2026-03-27
2025-12-30
2025-10-30
Manuscript received April 1, 2026; accepted April 16, 2026; published May 19, 2026.
Abstract—Due to advancements in generative Artificial Intelligence (AI), there is growing interest in using Large Language Models as conversational models in language learning. Although previous studies have shown the effectiveness of AI chatbots in accelerating second-language acquisition, most prior research focuses on English and other standard language varieties, with little attention given to Arabic dialects.

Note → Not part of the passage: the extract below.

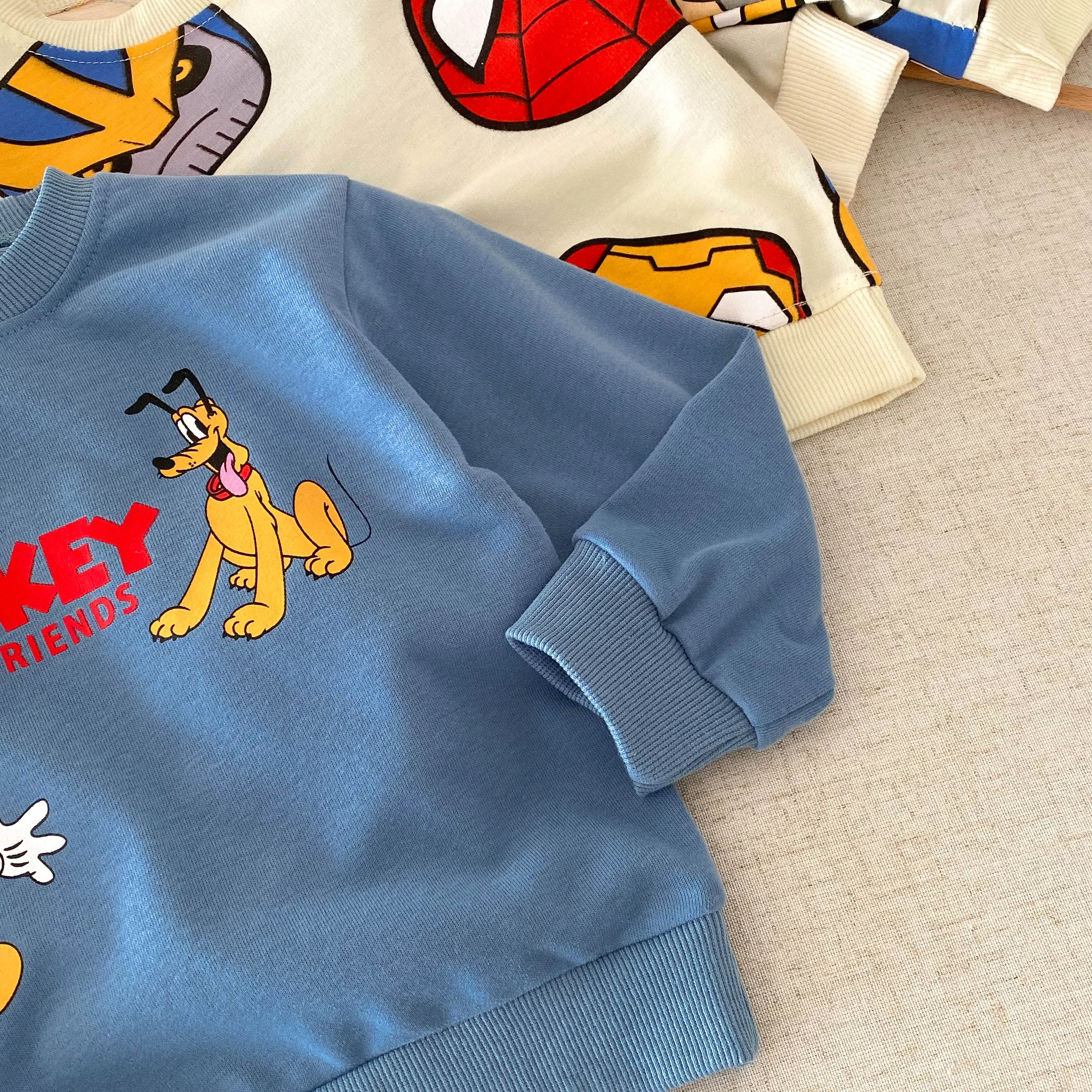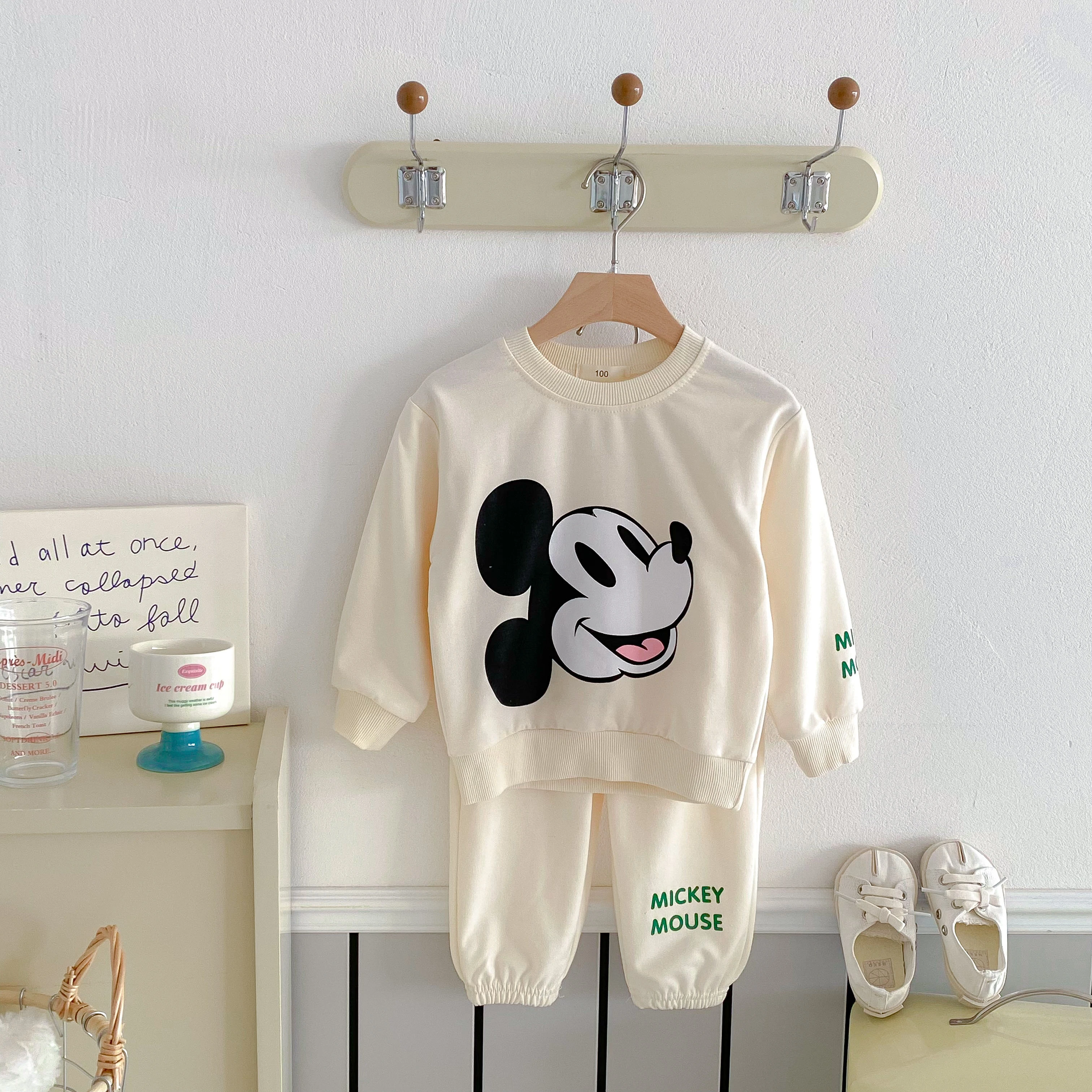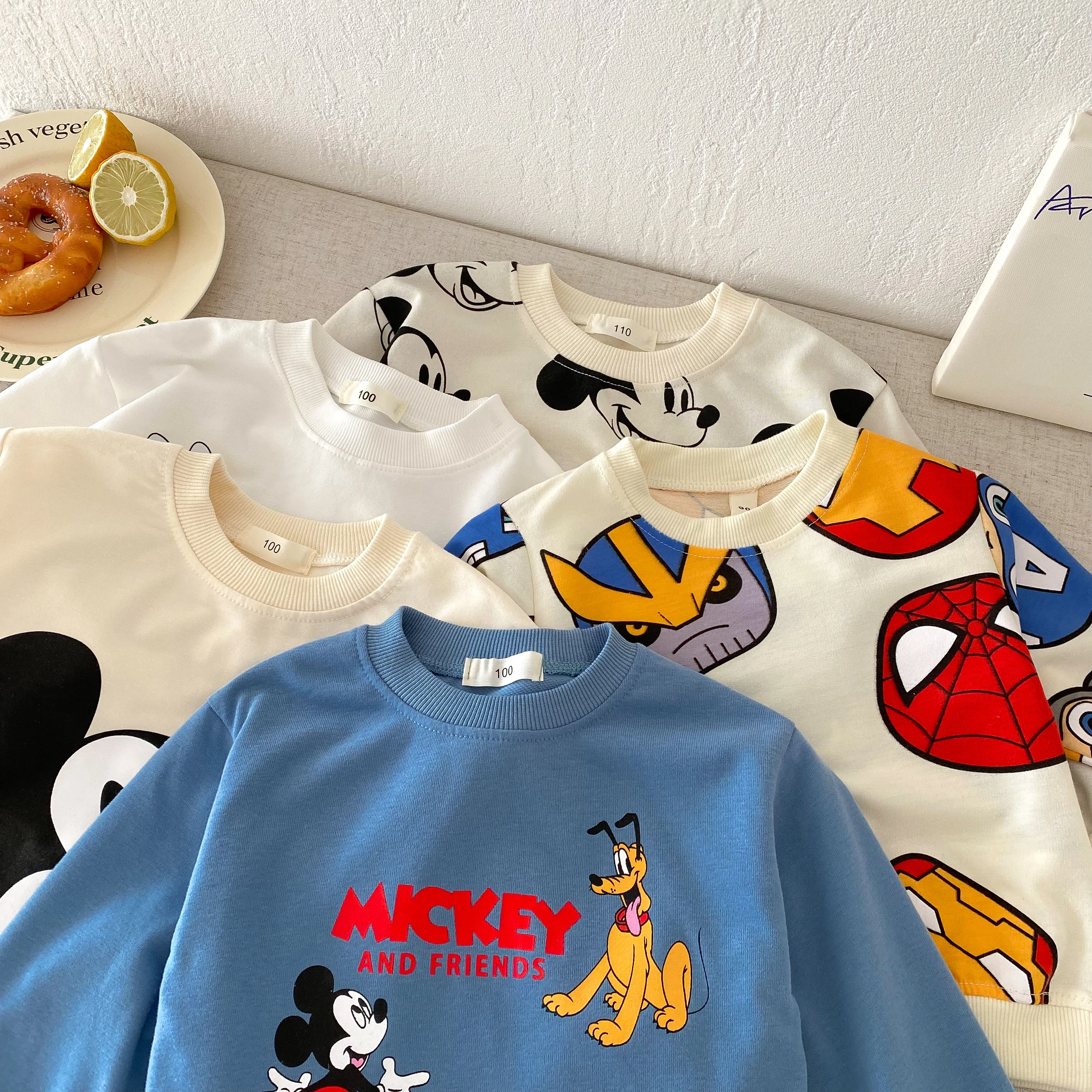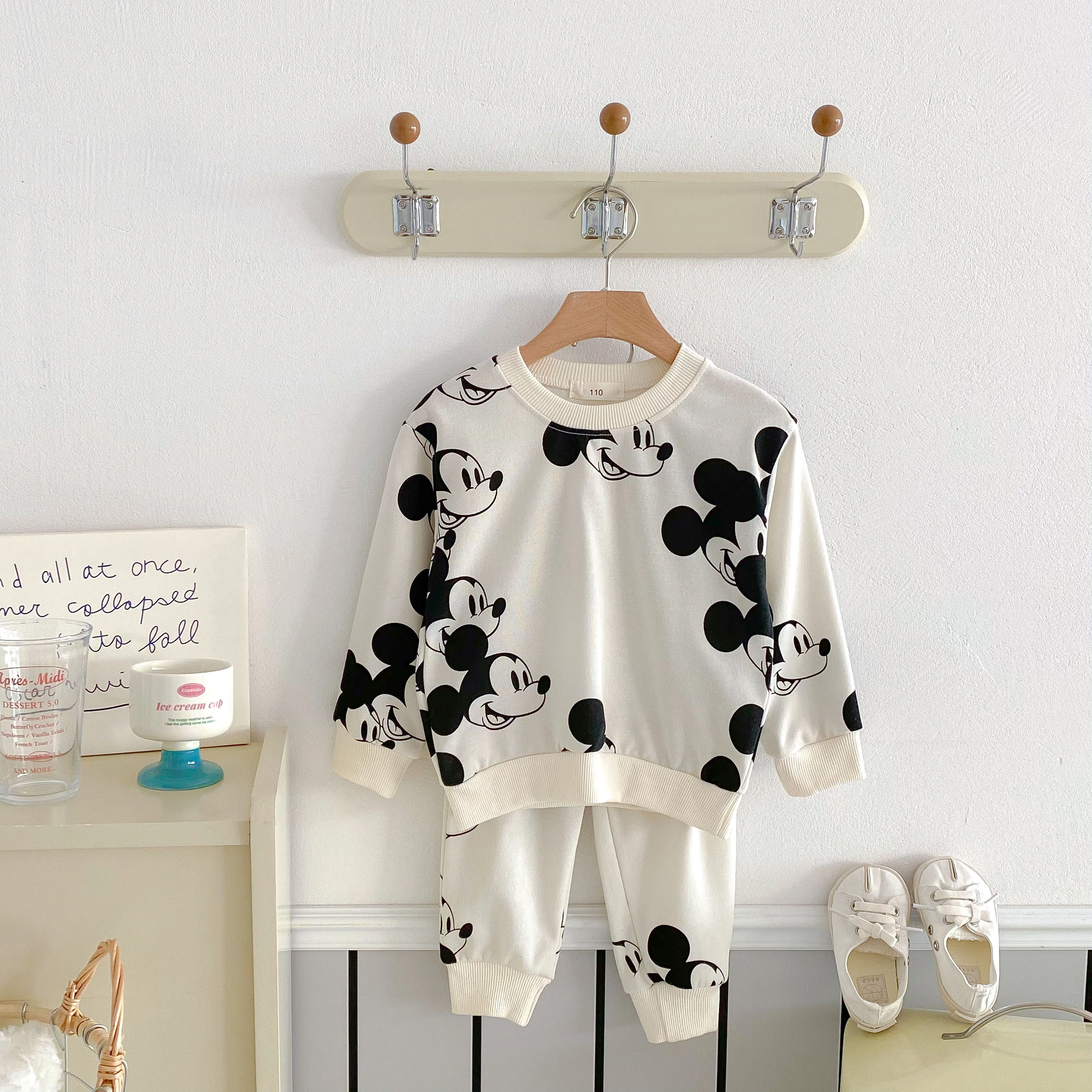 بوتيك ملابس الأطفال ديزني ملابس رياضية بأكمام طويلة طباعة الكرتون فضفاضة بلوزات غير رسمية مجموعة ملابس أطفال الخريف
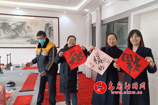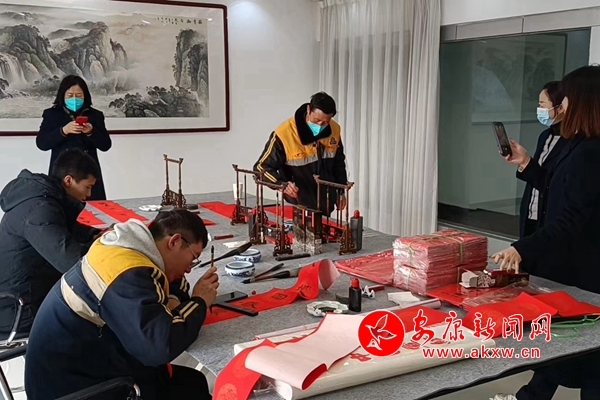 Wfj安康新聞網(wǎng) 圖為該站書法愛好者集中寫春聯(lián) Wfj安康新聞網(wǎng)

This work-in-progress paper proposes the design of a custom Generative Pre-trained Transformer (GPT)-based learning system aimed at vocabulary acquisition and learner satisfaction in the Kuwaiti Arabic dialect, along with a proposed framework for evaluating the learning system. The custom GPT learning system will focus on conversational tasks centered on vocabulary learning, based on dialect-specific conversational tasks, and will provide interactive and context-specific vocabulary practice using the native language. The study adopts a design-based research approach that integrates instructional design principles with iterative system development, with the use of a mixed-methods evaluation framework. The study will be conducted on adult non-native women based in Kuwait who are learning Kuwaiti Arabic. Data collection will include vocabulary assessments, learner satisfaction surveys, semi-structured interviews, and platform usage analytics. The research aims to analyze and evaluate learning impacts, along with students’ perceptions of learning environments that utilize artificial intelligence. By addressing the underrepresentation of Arabic dialects in AI-assisted language learning studies, this study aims to provide design insights and guidelines for GAI language learning that is culturally responsive.